Antitrust Suit Against Sutter May Shine Light On Hospitals’ Closely Held Contracts With Insurers
The contracts and details about what hospitals pay to insurers have traditionally been highly confidential. Attorneys defending Sutter from the state's suit, however, have subpoenaed 50 other California hospitals, where officials are bristling at the idea of revealing such coveted information.
San Francisco Chronicle:
Suit Against Sutter Spawns Fight With Bay Area Hospitals Over Trade Secrets
In Silicon Valley, trade secrets are often thought of as a coveted technology or a patent for a lucrative device.

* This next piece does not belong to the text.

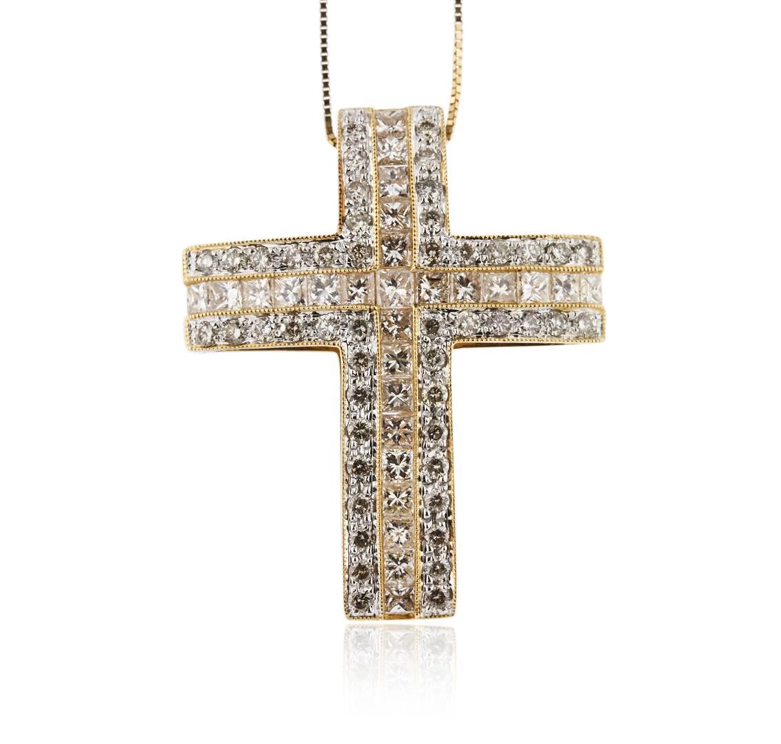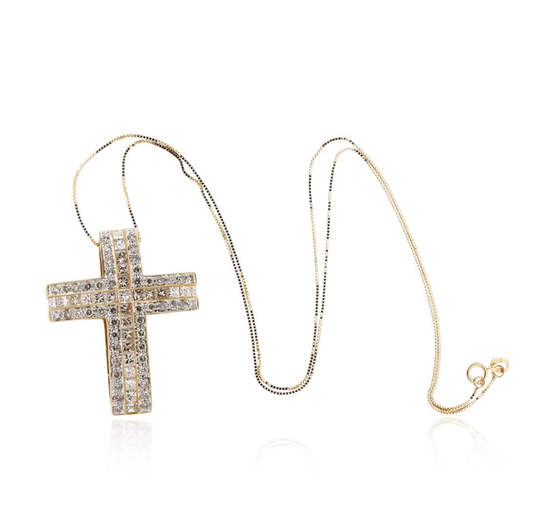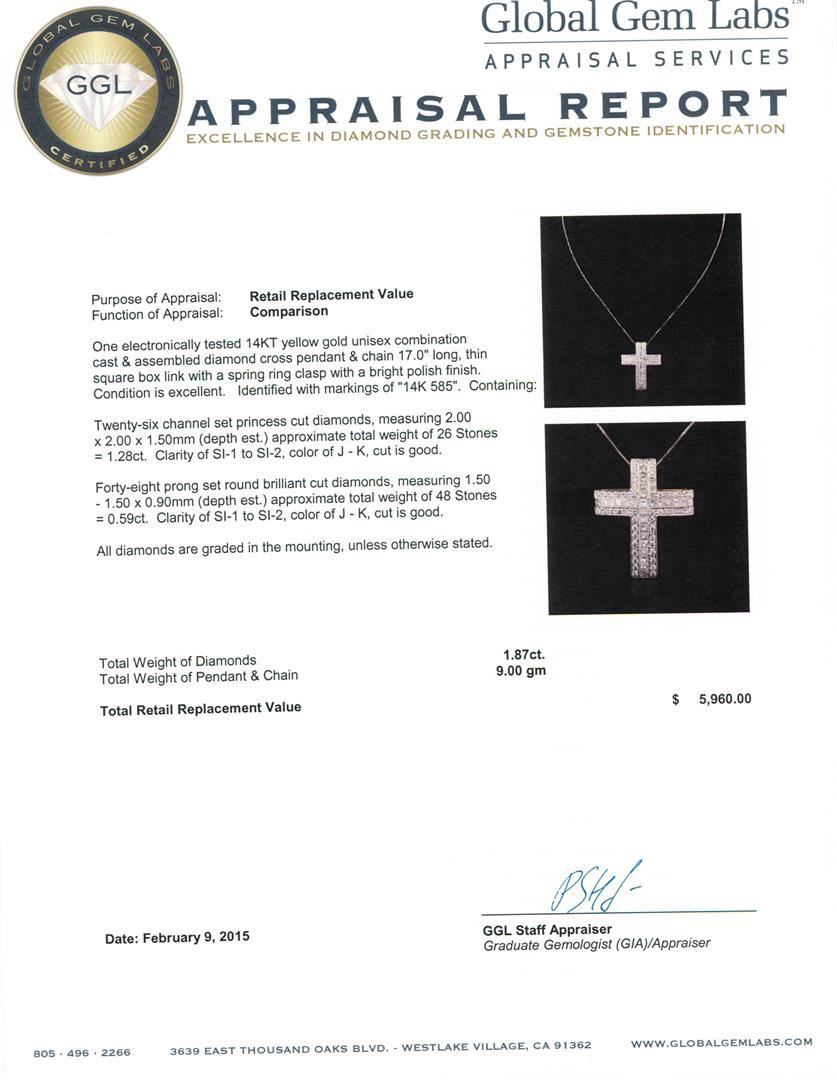 One electronically tested 14KT yellow gold unisex combination cast & assembled diamond cross pendant & chain 17.0" long, thin square box link with a spring ring clasp with a bright polish finish. Identified with markings of "14K 585". Condition is excellent. Containing: Twenty-Six channel set princess cut diamonds, measuring 2.00 x 2.00 x 1.50mm (depth est.) approximate total weight of 26 Stones = 1.28ct. Clarity: SI-1 to SI-2. Color: J - K, Cut is Good. Forty-Eight prong set round brilliant cut diamonds, measuring 1.50 - 1.50 x 0.90mm (depth est.) approximate total weight of 48 Stones = 0.59ct. Clarity: SI-1 to SI-2. Color: J - K, Cut is Good. All diamonds are graded in the mounting, unless otherwise stated. Total Weight of Diamonds 1.87ct. Total Weight of Pendant & Chain 9.00 grams. GGL Appraised at $5,960.00.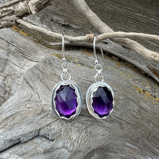 Amethyst Rose Cut Silver Earrings

But for hospitals, it is their confidential contracts with health insurance companies, which determine how they get paid, that they guard with their life. (Ho, 10/14)
In other news —
Sacramento Bee:
39,000 Union Employees Will Picket UC Medical Centers
The largest employee union at the University of California, AFSCME Local 3299, announced Friday that its patient-care technical workers will go on a three-day strike Oct. 23-25 at Sacramento’s UC Davis Medical Center and the four other UC health systems across the state. The job action will involve as many as 39,000 workers statewide, composed of the 15,000 members of AFSCME 3299’s patient-care unit, 9,000 from AFSCME’s service unit and 15,000 research, technical and health-care professionals represented by UPTE-CWA. (Anderson, 10/13)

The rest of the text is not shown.